Supplied material
__________

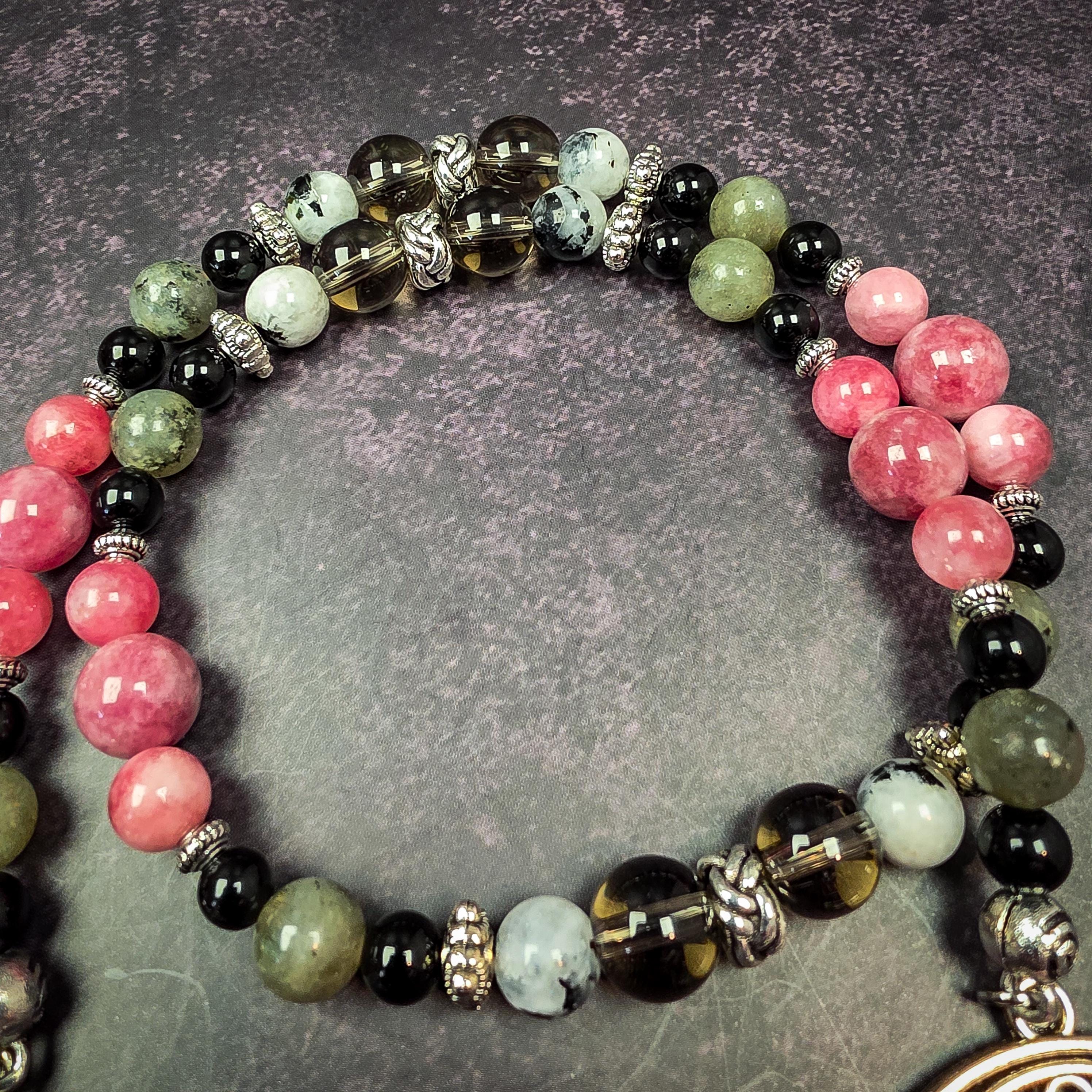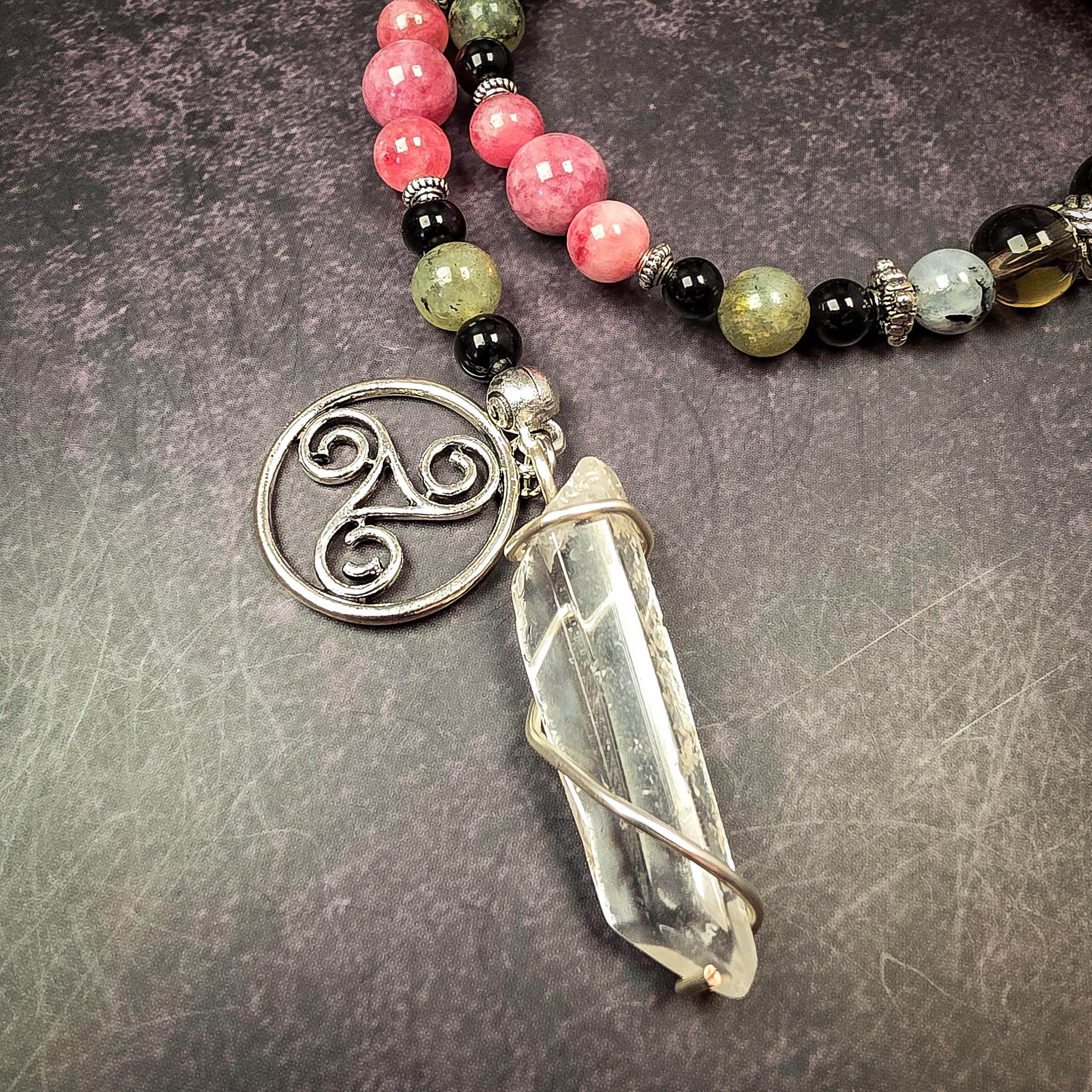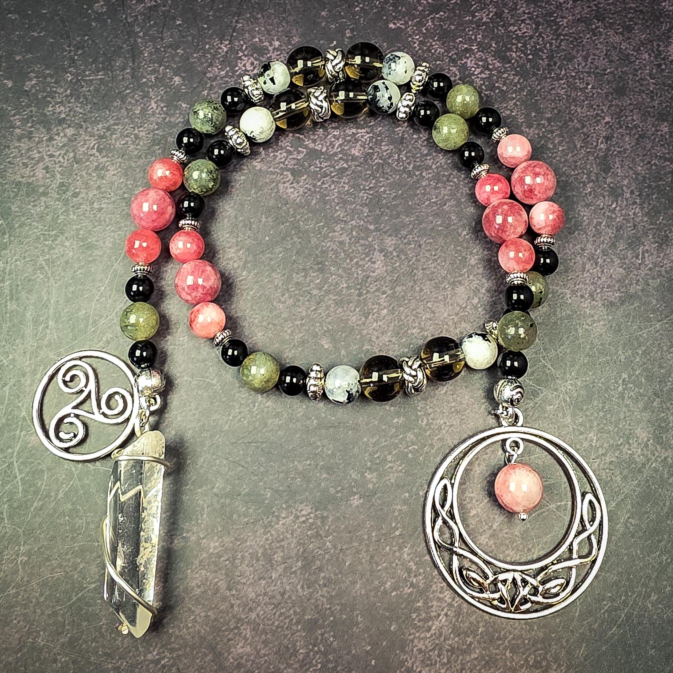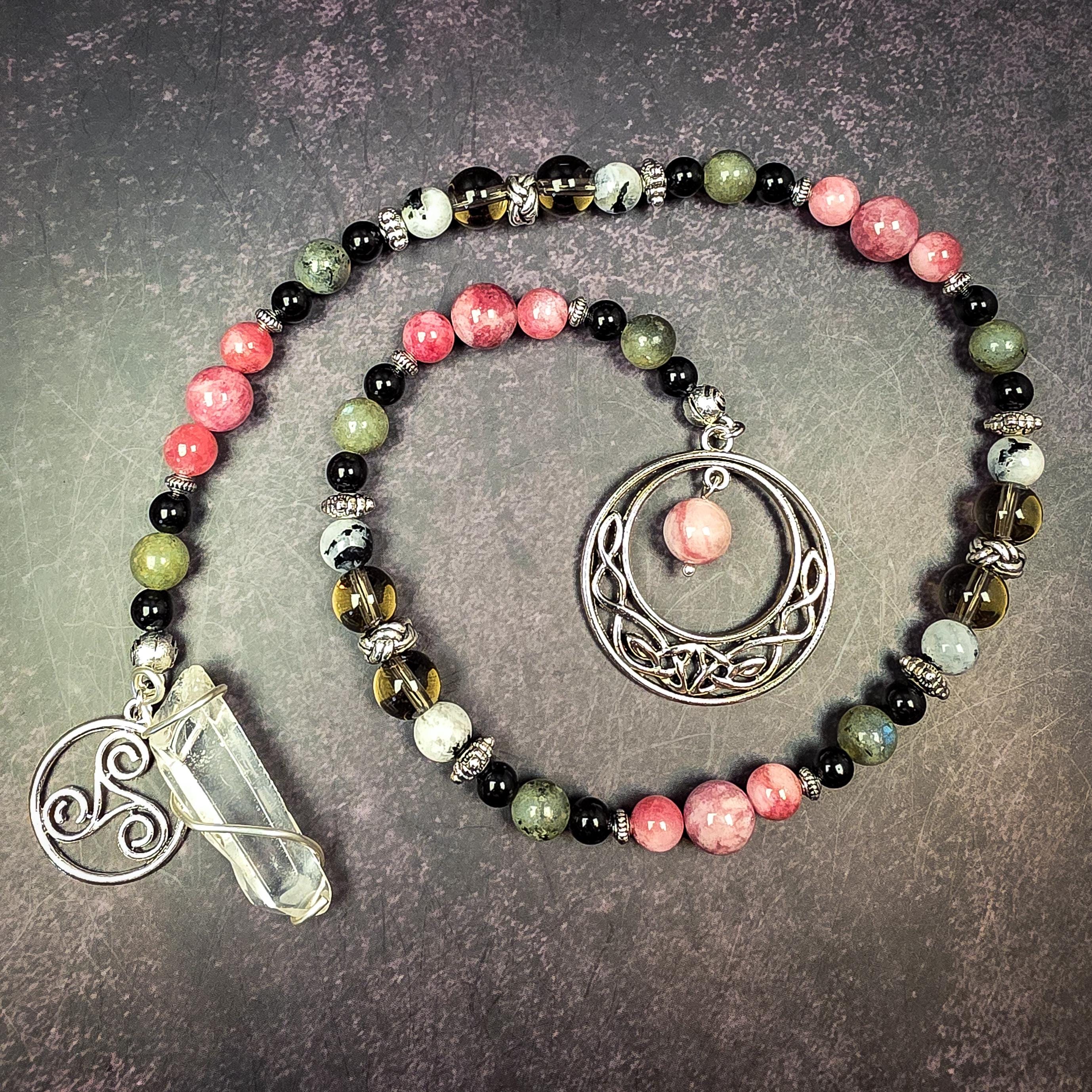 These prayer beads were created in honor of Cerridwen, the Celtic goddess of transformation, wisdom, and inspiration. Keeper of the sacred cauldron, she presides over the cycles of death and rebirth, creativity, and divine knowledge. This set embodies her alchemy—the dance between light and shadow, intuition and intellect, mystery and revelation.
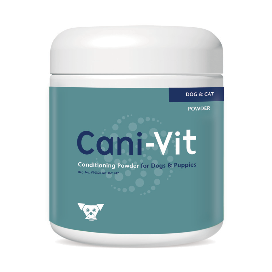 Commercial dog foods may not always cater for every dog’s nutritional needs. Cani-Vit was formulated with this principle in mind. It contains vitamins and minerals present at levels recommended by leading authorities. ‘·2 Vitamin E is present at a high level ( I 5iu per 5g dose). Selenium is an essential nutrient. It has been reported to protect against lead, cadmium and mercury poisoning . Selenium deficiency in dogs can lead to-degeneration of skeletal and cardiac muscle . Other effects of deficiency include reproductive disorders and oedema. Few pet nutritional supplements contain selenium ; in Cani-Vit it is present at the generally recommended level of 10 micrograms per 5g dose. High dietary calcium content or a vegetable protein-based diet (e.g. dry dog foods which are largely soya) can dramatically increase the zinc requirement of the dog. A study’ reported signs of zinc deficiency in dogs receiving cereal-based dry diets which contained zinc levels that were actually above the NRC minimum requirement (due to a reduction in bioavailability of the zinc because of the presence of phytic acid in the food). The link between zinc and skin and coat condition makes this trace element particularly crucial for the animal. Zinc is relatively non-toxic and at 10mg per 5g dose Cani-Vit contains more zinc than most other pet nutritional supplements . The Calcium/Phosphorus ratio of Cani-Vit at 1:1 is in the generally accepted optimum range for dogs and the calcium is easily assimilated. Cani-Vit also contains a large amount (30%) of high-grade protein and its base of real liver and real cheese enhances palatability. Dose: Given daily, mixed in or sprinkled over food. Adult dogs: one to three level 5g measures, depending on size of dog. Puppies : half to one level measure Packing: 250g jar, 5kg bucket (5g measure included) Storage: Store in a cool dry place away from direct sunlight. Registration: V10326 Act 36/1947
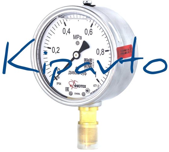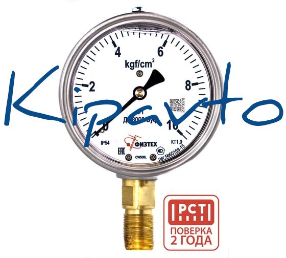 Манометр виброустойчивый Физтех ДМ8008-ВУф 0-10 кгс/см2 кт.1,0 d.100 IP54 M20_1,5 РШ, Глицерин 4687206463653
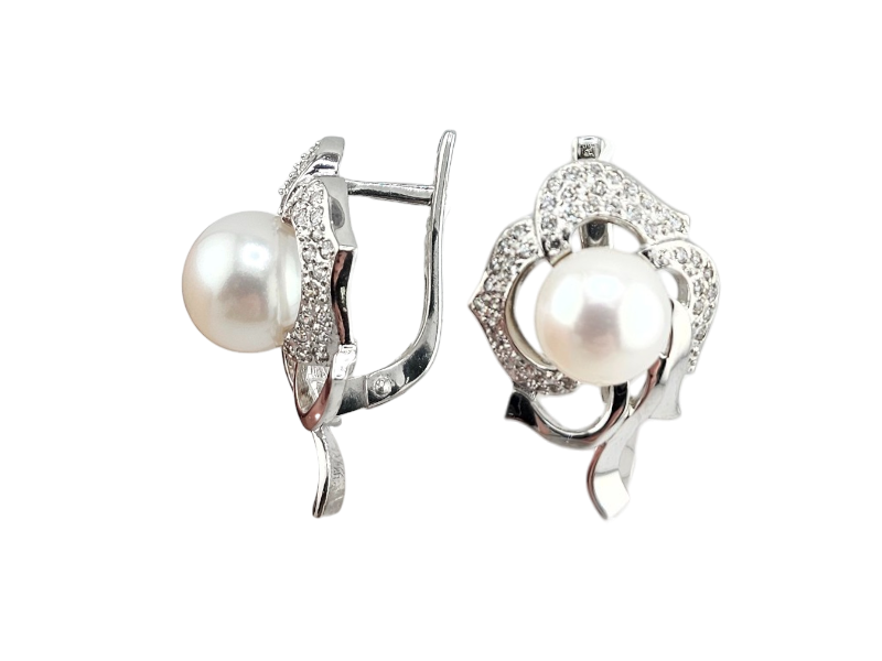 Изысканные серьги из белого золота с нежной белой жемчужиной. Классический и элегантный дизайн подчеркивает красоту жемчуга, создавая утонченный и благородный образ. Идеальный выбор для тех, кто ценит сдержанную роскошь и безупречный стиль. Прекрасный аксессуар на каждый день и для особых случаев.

__________

Work task
Every line above has to be output exactly; the pictures must be dropped.

Written solution
 These prayer beads were created in honor of Cerridwen, the Celtic goddess of transformation, wisdom, and inspiration. Keeper of the sacred cauldron, she presides over the cycles of death and rebirth, creativity, and divine knowledge. This set embodies her alchemy—the dance between light and shadow, intuition and intellect, mystery and revelation.
 Commercial dog foods may not always cater for every dog’s nutritional needs. Cani-Vit was formulated with this principle in mind. It contains vitamins and minerals present at levels recommended by leading authorities. ‘·2 Vitamin E is present at a high level ( I 5iu per 5g dose). Selenium is an essential nutrient. It has been reported to protect against lead, cadmium and mercury poisoning . Selenium deficiency in dogs can lead to-degeneration of skeletal and cardiac muscle . Other effects of deficiency include reproductive disorders and oedema. Few pet nutritional supplements contain selenium ; in Cani-Vit it is present at the generally recommended level of 10 micrograms per 5g dose. High dietary calcium content or a vegetable protein-based diet (e.g. dry dog foods which are largely soya) can dramatically increase the zinc requirement of the dog. A study’ reported signs of zinc deficiency in dogs receiving cereal-based dry diets which contained zinc levels that were actually above the NRC minimum requirement (due to a reduction in bioavailability of the zinc because of the presence of phytic acid in the food). The link between zinc and skin and coat condition makes this trace element particularly crucial for the animal. Zinc is relatively non-toxic and at 10mg per 5g dose Cani-Vit contains more zinc than most other pet nutritional supplements . The Calcium/Phosphorus ratio of Cani-Vit at 1:1 is in the generally accepted optimum range for dogs and the calcium is easily assimilated. Cani-Vit also contains a large amount (30%) of high-grade protein and its base of real liver and real cheese enhances palatability. Dose: Given daily, mixed in or sprinkled over food. Adult dogs: one to three level 5g measures, depending on size of dog. Puppies : half to one level measure Packing: 250g jar, 5kg bucket (5g measure included) Storage: Store in a cool dry place away from direct sunlight. Registration: V10326 Act 36/1947
 Манометр виброустойчивый Физтех ДМ8008-ВУф 0-10 кгс/см2 кт.1,0 d.100 IP54 M20_1,5 РШ, Глицерин 4687206463653
 Изысканные серьги из белого золота с нежной белой жемчужиной. Классический и элегантный дизайн подчеркивает красоту жемчуга, создавая утонченный и благородный образ. Идеальный выбор для тех, кто ценит сдержанную роскошь и безупречный стиль. Прекрасный аксессуар на каждый день и для особых случаев.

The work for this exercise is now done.